- [PROBLEM]
Starting at the line that contains "#RambamYomi #Brahot 3:9", write out every line through the end of the records exactly as it stands, and leave out all pictures.

- [RECORDS FOR THE TASK]
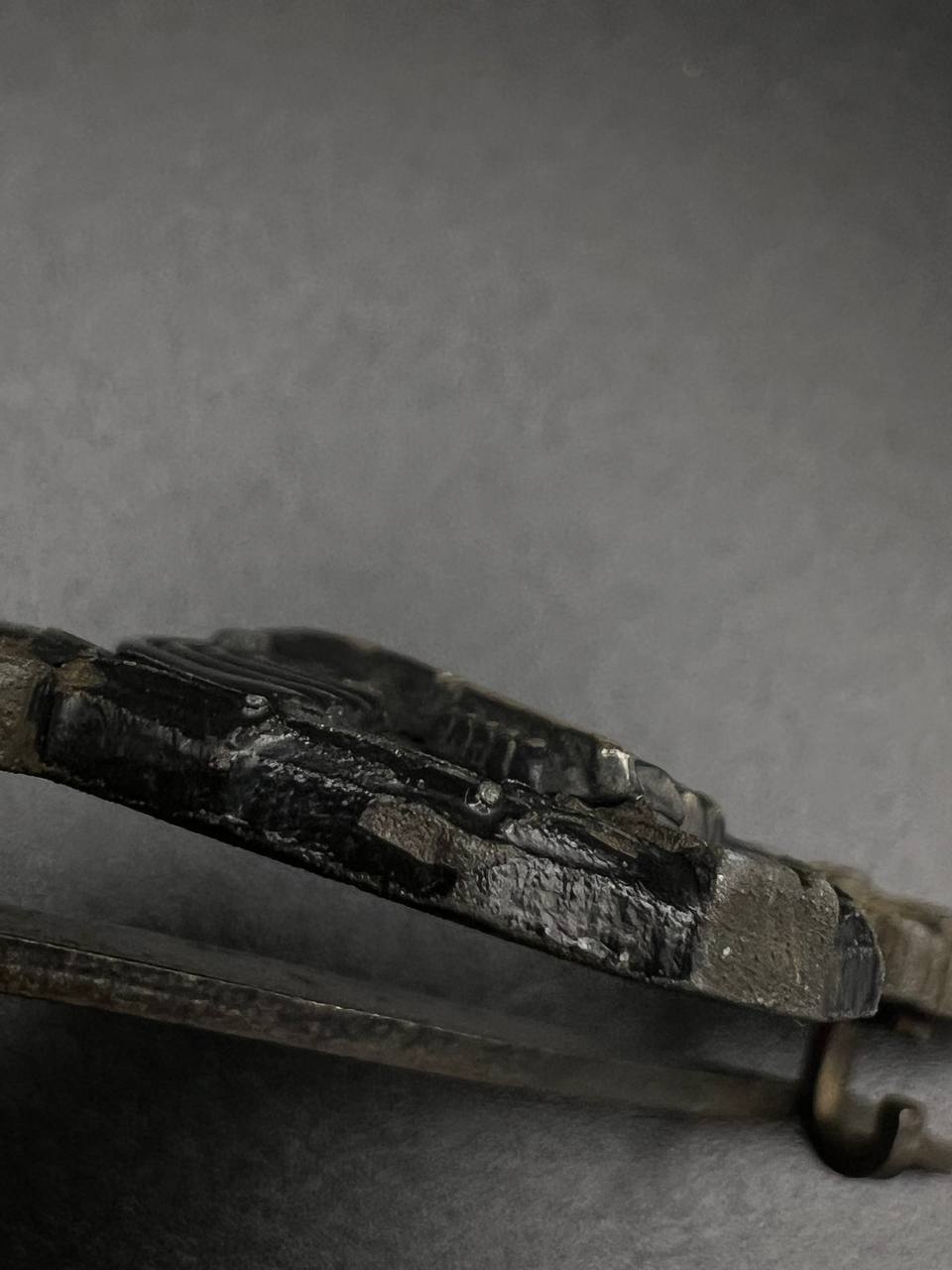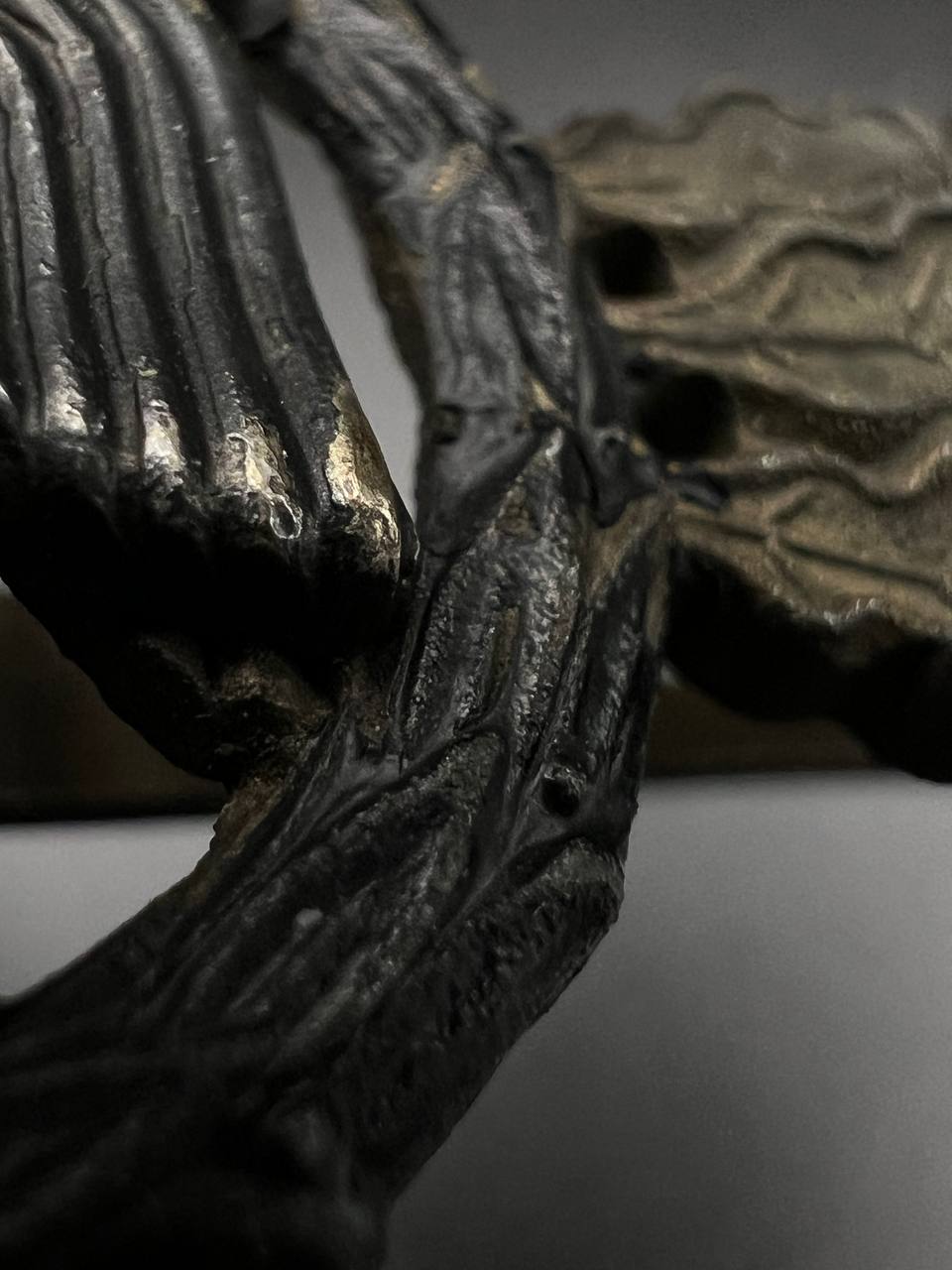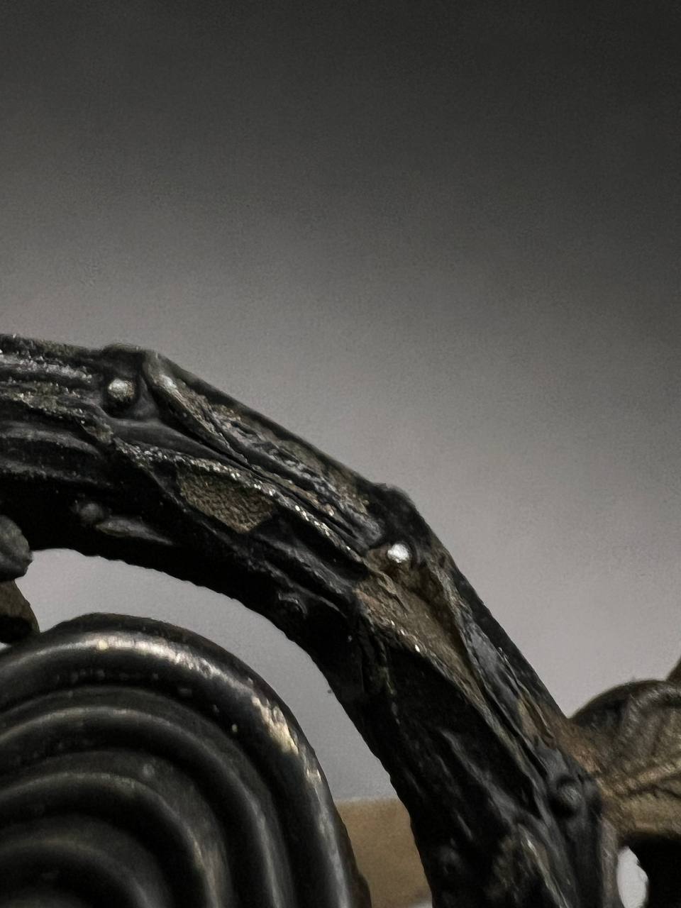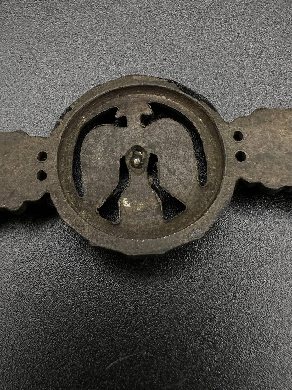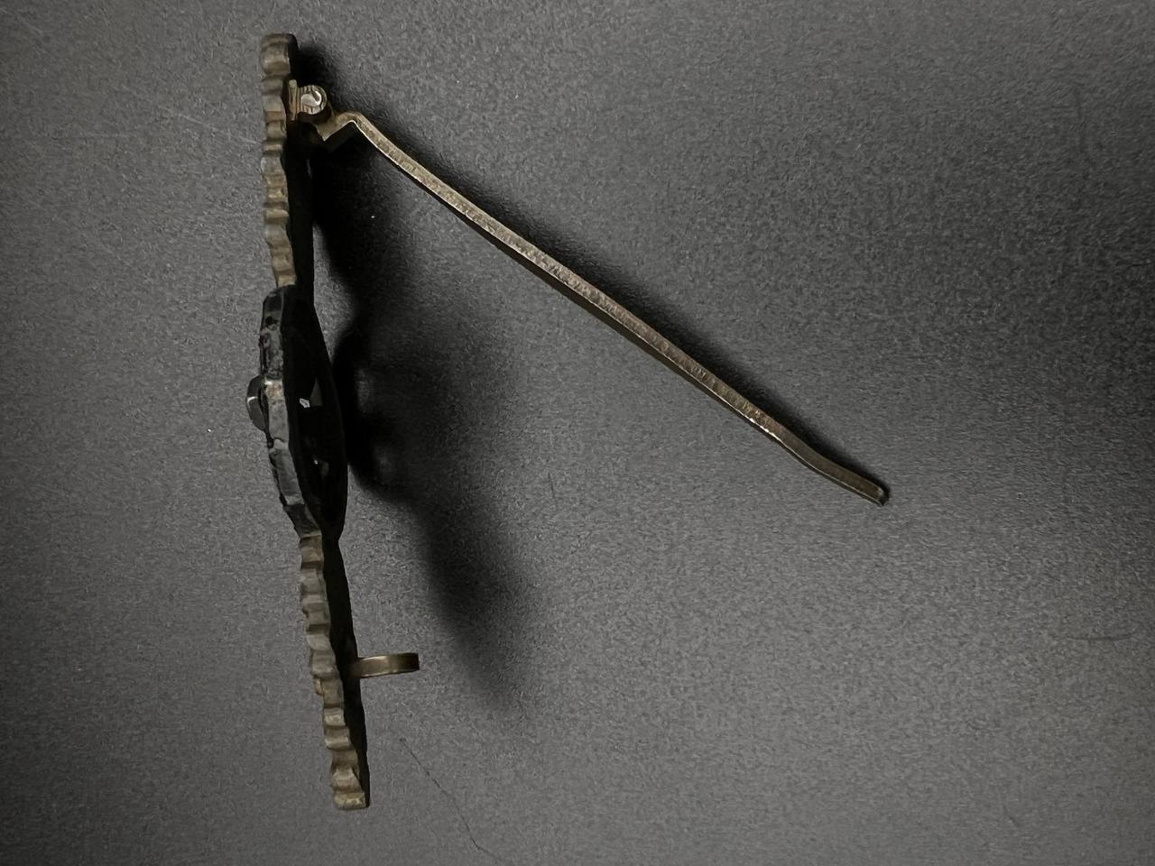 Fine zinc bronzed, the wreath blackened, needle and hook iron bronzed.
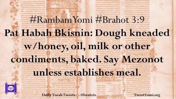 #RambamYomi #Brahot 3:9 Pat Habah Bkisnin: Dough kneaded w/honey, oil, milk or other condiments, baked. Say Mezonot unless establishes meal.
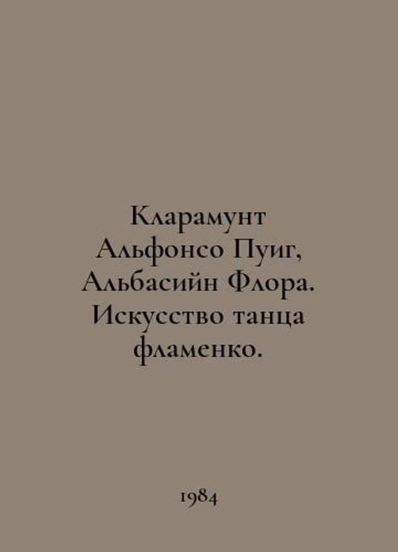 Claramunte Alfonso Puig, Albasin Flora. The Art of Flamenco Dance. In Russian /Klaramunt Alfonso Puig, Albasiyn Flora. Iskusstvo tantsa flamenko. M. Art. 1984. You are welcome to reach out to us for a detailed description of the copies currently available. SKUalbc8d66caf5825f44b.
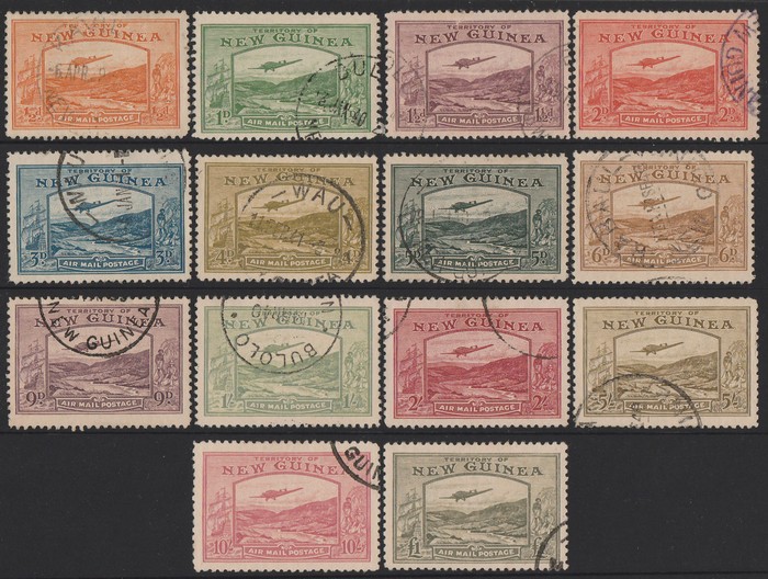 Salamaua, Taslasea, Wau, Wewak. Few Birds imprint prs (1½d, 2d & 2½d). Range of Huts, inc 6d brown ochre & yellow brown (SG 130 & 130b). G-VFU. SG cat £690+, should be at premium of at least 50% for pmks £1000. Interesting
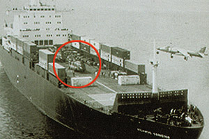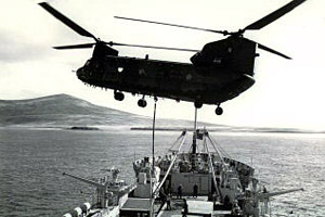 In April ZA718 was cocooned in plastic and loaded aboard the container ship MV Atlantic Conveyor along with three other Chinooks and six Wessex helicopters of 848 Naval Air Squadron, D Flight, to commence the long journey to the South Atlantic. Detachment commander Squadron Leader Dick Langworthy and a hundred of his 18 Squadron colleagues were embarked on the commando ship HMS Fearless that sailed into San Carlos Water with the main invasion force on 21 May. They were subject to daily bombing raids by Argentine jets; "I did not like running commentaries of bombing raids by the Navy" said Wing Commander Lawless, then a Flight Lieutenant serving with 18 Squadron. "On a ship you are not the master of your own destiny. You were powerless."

- [WRITTEN RESPONSE]
 #RambamYomi #Brahot 3:9 Pat Habah Bkisnin: Dough kneaded w/honey, oil, milk or other condiments, baked. Say Mezonot unless establishes meal.
 Claramunte Alfonso Puig, Albasin Flora. The Art of Flamenco Dance. In Russian /Klaramunt Alfonso Puig, Albasiyn Flora. Iskusstvo tantsa flamenko. M. Art. 1984. You are welcome to reach out to us for a detailed description of the copies currently available. SKUalbc8d66caf5825f44b.
 Salamaua, Taslasea, Wau, Wewak. Few Birds imprint prs (1½d, 2d & 2½d). Range of Huts, inc 6d brown ochre & yellow brown (SG 130 & 130b). G-VFU. SG cat £690+, should be at premium of at least 50% for pmks £1000. Interesting
 In April ZA718 was cocooned in plastic and loaded aboard the container ship MV Atlantic Conveyor along with three other Chinooks and six Wessex helicopters of 848 Naval Air Squadron, D Flight, to commence the long journey to the South Atlantic. Detachment commander Squadron Leader Dick Langworthy and a hundred of his 18 Squadron colleagues were embarked on the commando ship HMS Fearless that sailed into San Carlos Water with the main invasion force on 21 May. They were subject to daily bombing raids by Argentine jets; "I did not like running commentaries of bombing raids by the Navy" said Wing Commander Lawless, then a Flight Lieutenant serving with 18 Squadron. "On a ship you are not the master of your own destiny. You were powerless."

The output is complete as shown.